The development of renewable water resources is one of the most urgent challenges of the modern era. Water purification and treatment are major energy consumers—and this is without considering the estimated one billion people who live in areas where fresh water is scarce. NBD Nano may have found the answer: they’ve designed a self-refilling water bottle.
What initially seems like magic is actually quite straightforward. The bottle is equipped with water-attracting bumps surrounded by water-repellent valleys. These bumps cause moisture from the air to condense on the surface of the bottle, and the droplets are then funneled through the valleys and into the bottle itself.
The end result is that the bottle can fill itself simply by sitting in open air—and it can do so at a rate of up to three liters of water per hour.
2. Harnessing Energy from Train Vibrations

Energy is all around us, just waiting for the right technology to tap into it. Recognizing that the vibrations from a moving train produce a significant amount of potential energy, researchers at Stony Brook University created a device to capture this energy and convert it into electricity.
They assert that their device can generate up to 200 watts of DC power. If this additional electricity were used to power devices at train stations, it could save New York State $10 million annually. Considering the nearly 141,000 miles (227,000 km) of train tracks across the US, the energy savings could be substantial nationwide.

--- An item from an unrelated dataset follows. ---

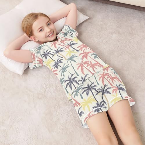 HOT ! Palm Trees Colorful Prints Summer Satin Pajama Set, Cute Button-Down Sleepwear Pj Set for Sleep Wears

1. Wave-Powered Robot Travels 9,000 Miles

The Wave Glider, created by Liquid Robotics, is an autonomous marine vehicle that harnesses a unique power source: ocean waves. The patented system enables the small vessel to keep moving as long as there’s even the slightest wave motion on the surface—which, as it turns out, is virtually always the case.
Recently, the Wave Glider set a new world record for the longest distance traveled by an unmanned vehicle—covering over 9000 miles (14,500 km) in one year. During its journey, it endured violent ocean storms and was even attacked by sharks.